** Opening SOURCE DATA block **

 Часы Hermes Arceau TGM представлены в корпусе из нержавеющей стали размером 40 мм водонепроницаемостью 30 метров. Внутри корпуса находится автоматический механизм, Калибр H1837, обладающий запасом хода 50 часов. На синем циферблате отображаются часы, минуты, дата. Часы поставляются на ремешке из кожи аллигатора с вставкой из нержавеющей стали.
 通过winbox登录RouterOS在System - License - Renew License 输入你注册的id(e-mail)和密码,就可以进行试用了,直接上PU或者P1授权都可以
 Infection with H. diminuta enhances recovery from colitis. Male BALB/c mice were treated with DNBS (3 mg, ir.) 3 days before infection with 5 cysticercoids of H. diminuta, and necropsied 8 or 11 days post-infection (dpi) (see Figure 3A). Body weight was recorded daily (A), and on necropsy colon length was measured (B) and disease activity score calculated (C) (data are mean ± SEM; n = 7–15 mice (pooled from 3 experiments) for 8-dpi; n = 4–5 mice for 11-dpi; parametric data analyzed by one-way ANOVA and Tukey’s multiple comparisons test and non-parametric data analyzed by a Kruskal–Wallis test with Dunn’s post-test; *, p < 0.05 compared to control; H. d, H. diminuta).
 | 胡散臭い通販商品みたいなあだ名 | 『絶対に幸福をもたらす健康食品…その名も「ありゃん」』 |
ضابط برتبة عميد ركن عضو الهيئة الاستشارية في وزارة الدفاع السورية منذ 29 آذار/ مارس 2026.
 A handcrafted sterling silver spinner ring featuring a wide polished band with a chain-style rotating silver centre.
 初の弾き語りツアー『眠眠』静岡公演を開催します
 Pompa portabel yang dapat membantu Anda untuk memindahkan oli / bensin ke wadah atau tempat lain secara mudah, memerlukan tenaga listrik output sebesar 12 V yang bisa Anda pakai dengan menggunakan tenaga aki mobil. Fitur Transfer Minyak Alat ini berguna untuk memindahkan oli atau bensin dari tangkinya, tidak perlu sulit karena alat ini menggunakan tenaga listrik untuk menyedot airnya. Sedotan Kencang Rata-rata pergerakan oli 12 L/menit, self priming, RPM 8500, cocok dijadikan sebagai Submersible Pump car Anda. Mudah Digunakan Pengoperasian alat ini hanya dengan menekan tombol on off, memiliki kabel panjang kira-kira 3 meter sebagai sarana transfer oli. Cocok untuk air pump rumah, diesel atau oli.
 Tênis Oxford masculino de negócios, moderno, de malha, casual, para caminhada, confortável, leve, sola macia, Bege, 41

** Closing SOURCE DATA block **

> **WHAT YOU NEED TO DO**
All lines carrying the word "with" must be copied from the data above.

> **ANSWER FOR THE TASK**
 Infection with H. diminuta enhances recovery from colitis. Male BALB/c mice were treated with DNBS (3 mg, ir.) 3 days before infection with 5 cysticercoids of H. diminuta, and necropsied 8 or 11 days post-infection (dpi) (see Figure 3A). Body weight was recorded daily (A), and on necropsy colon length was measured (B) and disease activity score calculated (C) (data are mean ± SEM; n = 7–15 mice (pooled from 3 experiments) for 8-dpi; n = 4–5 mice for 11-dpi; parametric data analyzed by one-way ANOVA and Tukey’s multiple comparisons test and non-parametric data analyzed by a Kruskal–Wallis test with Dunn’s post-test; *, p < 0.05 compared to control; H. d, H. diminuta).
 A handcrafted sterling silver spinner ring featuring a wide polished band with a chain-style rotating silver centre.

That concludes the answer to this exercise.